Trackback and pingback source checking

For protecting a Weblog against spam trackbacks and pingbacks, a source checker -- checking the source site of the trackback or pingback, that is, and not the source code for anything -- can be invaluable. Trackbacks and pingbacks are automated means of having your Weblog post links back to itself in other people's Weblogs. The way it works, in theory, is that someone sets up a Weblog that accepts trackbacks and pingbacks. You, then, set up your own Weblog that takes advantage of this functionality. When the other guy posts something interesting, you read it and feel inspired to say something about it. You post something in your own Weblog, with a link to the other guy's post. A ping or trackback notification is sent, and the other site tucks a reference to your post into its comment stream or a special trackback section (depending on how the Weblog was set up). This way, the two Weblogs automatically link to each other, resulting in a mutually beneficial relationship for improving search engine rankings and otherwise advertising each others' material.

In practice, far more spammy stuff gets posted to unprotected Weblogs that accept comments and trackbacks or pingbacks via those trackbacks or pingbacks than via comments. This bypasses the CAPTCHA gatekeeper entirely. The spammer simply writes a script that sends a trackback notification or ping to your Weblog, identifying some page as the relevant source of the supposed link to your site. Of course, there is no such link there, nor is there anything relevant to your Weblog post; if there was such a link, the thousands of different sites being spammed with these trackbacks and pingbacks would soon fill the page with nothing but links to others' Weblogs, and the evil SEO plans of the spammer would be defeated.

By setting up your Weblog's trackback or pingback feature to ensure there is at least a link to your Weblog on the source site, you can ensure that the majority of these things will be rejected outright without ever having to lay eyes on them yourself. The few that get through will probably be borderline cases where at least the guy at the other end has a link to your site on the page somewhere. Whether you want to accept that is up to you.

Hidden fields

Unlike the previous example, this should work everywhere there is a Web form -- with some caveats.

The efficacy of this approach varies depending on implementation and the type of users your site targets. The most effective means of using this form of protection against malicious spammer scripts so far involves JavaScript, which may also (unfortunately) serve as a way to turn away users with JavaScript turned off or blocked in their browsers, or at least make things a little more confusing.

The idea is simple: most scripts that crawl the Web (including search engine spiders) do not include JavaScript engines that pre-parse the pages before the script does its thing. Include a field in your Web form that, if it contains any value, causes the submitted data to be rejected. Make that field look like something that needs to be filled in. Then, use JavaScript to ensure it never shows up on the page. A spammer script that does not handle JavaScript will see the field and try to fill it in; a human using a JavaScript enabled browser will never see the field, and all will be well with the world.

Another approach involves CSS instead of JavaScript.
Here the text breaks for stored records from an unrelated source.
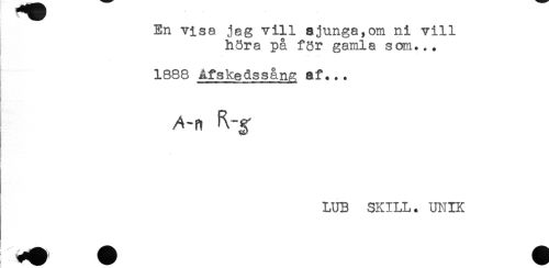 //// En visa jag vill ajunga,om ni vill //// höra på för gamla som... //// 1888 Afskedss&ng af... //// /t-n H-g' //// LUB SKILL. UNIK ////
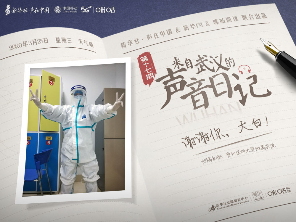 點擊收聽《來自武漢的聲音日記》第十七期。今天的日記來自貴州醫(yī)科大學(xué)附屬醫(yī)院援武漢醫(yī)療隊程小雪。
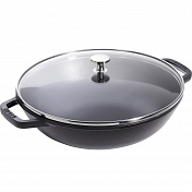 Чугунные воки Staub по-настоящему универсальны и идеально подходят для обжаривания, приготовления на пару и жарки во фритюре. Широкие изогнутые бортики облегчают перемешивание без проливания – преимущество при жарке мяса и овощей. Чугун замечательно сохраняет тепло для равномерного приготовления пищи.
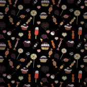 Babeczki bezproblemowa wzór z akwarela na fioletowe, białe i czarne tło. Doodle ilustracja z ciasta. Słodycze tło. Ilustracja wektorowa.
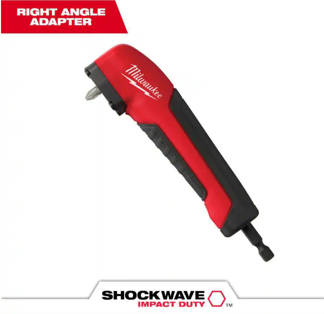 This Milwaukee Shockwave Right Angle Drill Adapter with its 1.4 in. slim profile provides access into tight areas. The Internal Shockzone absorbs peak torque and stops breaking. For increased torque transfer, it offers hardened gears. You can use it in both drill drivers and impact drivers and works with all 1/4 in. hex shank accessories.Made with custom alloy 76 steel, it allows years of use.
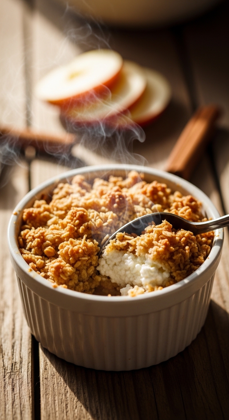 Serve warm with a dusting of cinnamon and a light dollop of Greek yogurt. Pair with a cup of chai tea. Store leftovers in the fridge up to 3 days; reheat briefly in the oven to crisp topping. Prep apple mixture ahead and bake when ready.
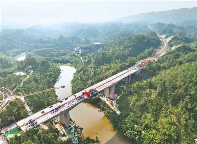 11月21日,重慶至赤水至敘永高速公路(重慶段)筍溪河大橋順利合龍。該大橋位于江津區(qū)嘉平鎮(zhèn)寒坡村,全長276米,是我市首座波形鋼腹板連續(xù)剛構橋?!?/p>
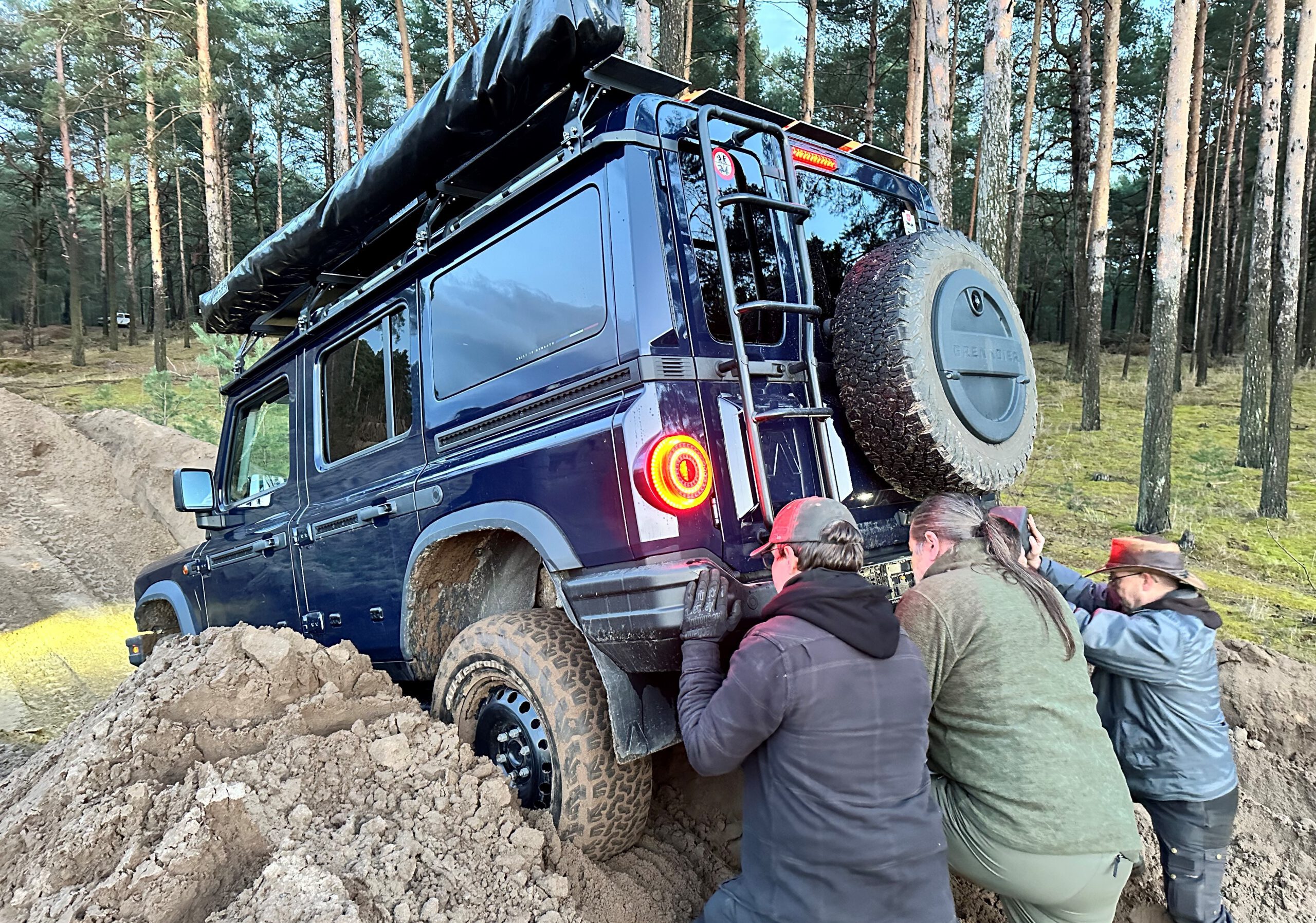 Dieses Offroad Training ist so aufwendig organisiert, dass wir sogar eines unserer Organisations-Fahrzeuge im Gelände bewusst zum Umkippen bringen, um den Teilnehmern zu erläutern, wie man im Falle eines Falles einen umgekippten Geländewagen wieder richtig auf die Beine stellt. Hierdurch und durch viele weitere, ausgefallene Trainingsinhalte geht dieses Offroad-Training weit über das Übliche hinaus.
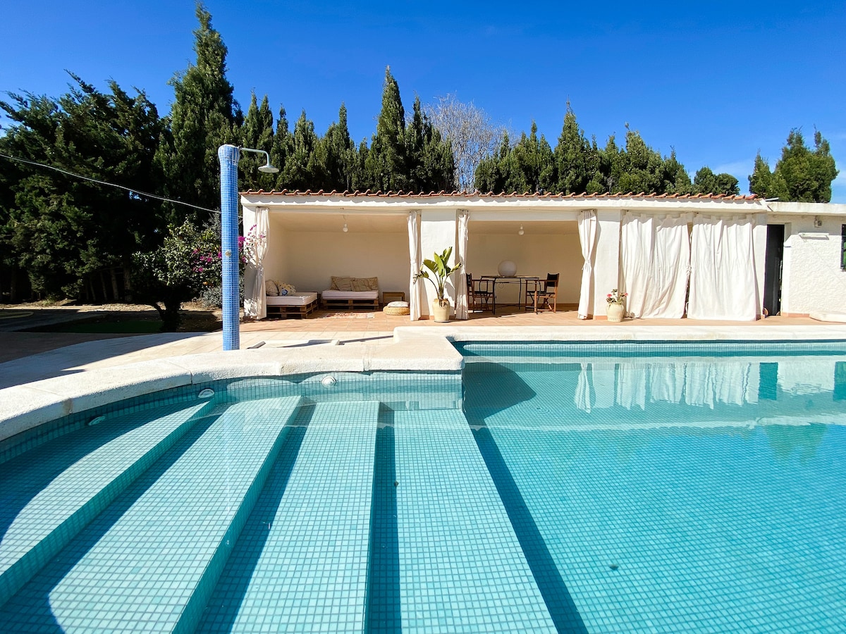 Casa refugio con piscina privada, ubicada al lado de las rutas senderisticas y puntos de escalada de Cabezó de Or y Cuevas de Canelobre. Se puede disfrutar de la tranquilidad, plena naturaleza y vistas panoramicas al mar y montaña a la vez . Ideal para pasar fin de semana haciendo deporte o para descansar. Sitio ideal para hacer barbacoa en entorno privado. A penas 12-15 km de la playa de Campello y San Juan Alicante. Casa se encuenta dentro de la finca de nuestra propiedad.
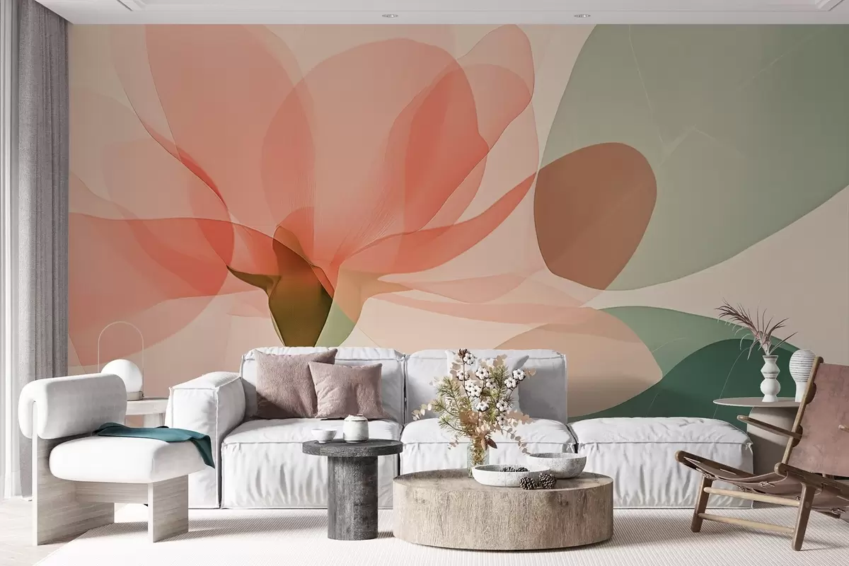 Fototapetak Finom rózsaszínű gardéniák és zöld árnyalatú átlátszó levelek Nr. w02194

Set the visibility property of the relevant form field to hidden. Browsers that handle CSS should then ensure that human beings never see that form field, while scripts that do not handle CSS would see the field and try to fill it in, failing to bypass your protections. To maximize the effectiveness of this approach, use a separate stylesheet rather than putting your styling information for the form on the HTML source page itself.

Finally, the weakest approach is to use the <input type="hidden"> element in your form. This is generally the easiest for a spammer script to recognize, though it is also the least likely to trip up a genuine human user.

Others

There are surely dozens of other ways to automatically exclude scripts while letting the human users in -- ways that, at least in certain cases, work much better than CAPTCHAs. While CAPTCHAs are certainly effective a lot of the time in weeding out nonhuman visitors, they are also effective at throwing out the wheat with the chaff sometimes, and the frequency of this problem arising seems to be increasing.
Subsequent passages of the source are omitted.